North Korea gave hope late last year that the six-party talks - which have been stalled since it unilaterally withdrew from the forum in April 2009 in protest tightening of UN sanctions following an intercontinental ballistic missile test - could resume this year. However, the latest announcement from Pyongyang appears to scupper this.
The North initially reacted with anger to the new sanctions: their moth-balled Yongbyon nuclear reactor was restarted, South Korean workers were expelled from the Kaesong industrial complex and the nascent cross-border train service was suspended. Pyonyang has, until now, adopted a more conciliatory tone, presumably as the harsher sanctions have begun to take effect.
North Korea Links End of Sanctions to a Return to the Negotiating Table
North Korea is refusing to return to the negotiating table at the stalled six-party talks, claiming that the continuation of sanctions places them in an unfair position vis-à-vis the other five members of the round table group. The six-party talks, which began in 2003 as a mechanism to ensure that North Korea abandons its nuclear arsenal and thus ensure the denuclearisation of the Korean peninsula, are hosted by China and include South Korea, Japan, Russia and the United States.
When Stephen Bosworth, the US special envoy for North Korea returned from Pyongyang in December it was with the belief that the North had agreed in principle to a 'no-strings attached' return to the talks. President Obama, whose letter Mr. Bosworth delivered to Kim Jong-il, made it abundantly clear that the North will not be rewarded for simply agreeing to start talking. Taking this last point into account it is difficult to see what Pyongyang hopes to gain from this latest act of defiance.

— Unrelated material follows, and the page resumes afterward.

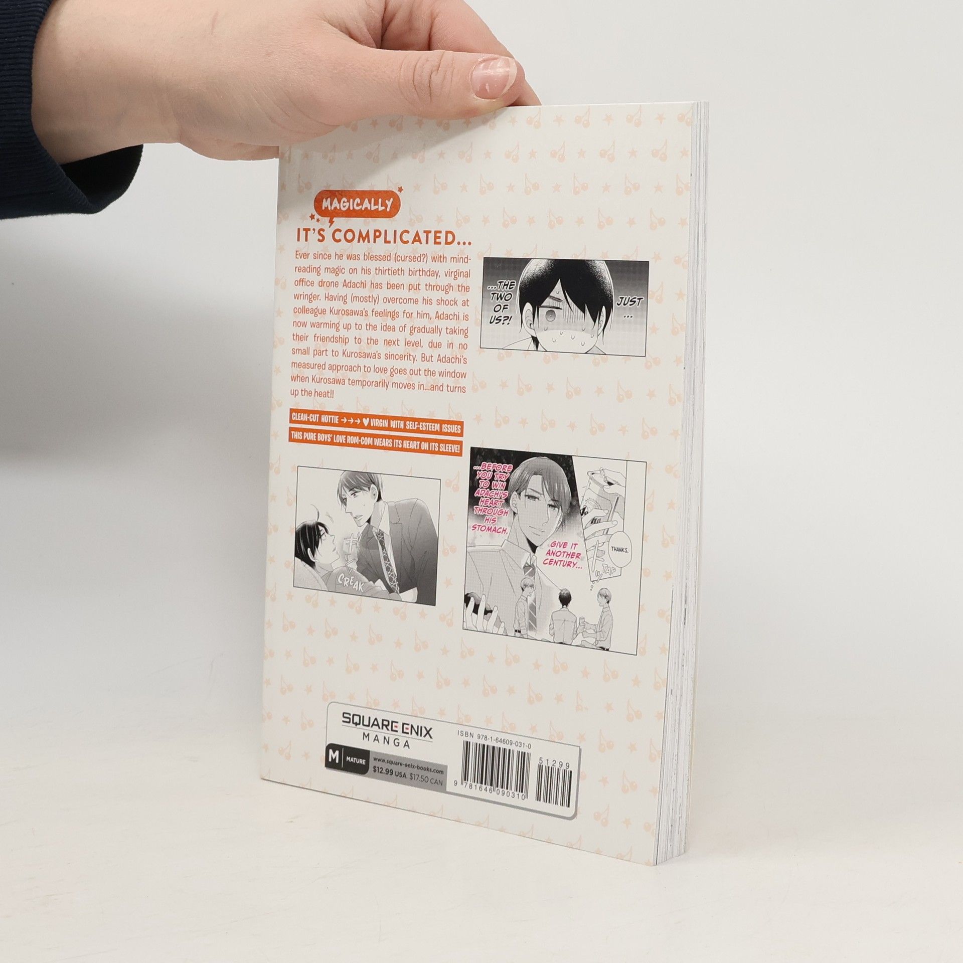 It's complicated: A thirty-year-old virgin gets more than he bargained for when his newfound magical power reveals he's the object of his male coworker's affections! Ever since he was blessed (cursed?) on his thirtieth birthday with the magical ability to read the minds of those he touches, virginal office drone Adachi has been put through the ringer, especially after discovering his colleague Kurosawa's feelings for him! And just when it seems like Adachi might be able to take his friendship with Kurosawa to the next level, Adachi's complex about not having any romantic experience gets in the way. Unfortunately for Adachi, taking things nice and slow is out the window when it turns out the two of them are going to be sharing an apartment!!

Are There Signs of a Warming of Inter-Korean Relations?
Relations between North Korea and its southern neighbour have soured dramatically since President Lee Myung-bak took office in 2008 and called a halt to his predecessor's 'Sunshine Policy' which provided unconditional aid to the North, effectively rewarding it for continued bad behaviour. North Korea's long-range missile and nuclear tests in early 2009 further exacerbated the situation and direct criticism from Seoul led Pyongyang to unilaterally suspend all dialogue.
There have been signs in recent weeks that the North is beginning to adopt a more open stance, work has restarted at the Kaesong industrial complex and talks have begun with a view to expanding the project in the future. Additionally, the North has agreed to let South Korea resume tourist trips, which have been suspended since a South Korean tourist was shot after straying into a prohibited area in Kamchung in July 2008.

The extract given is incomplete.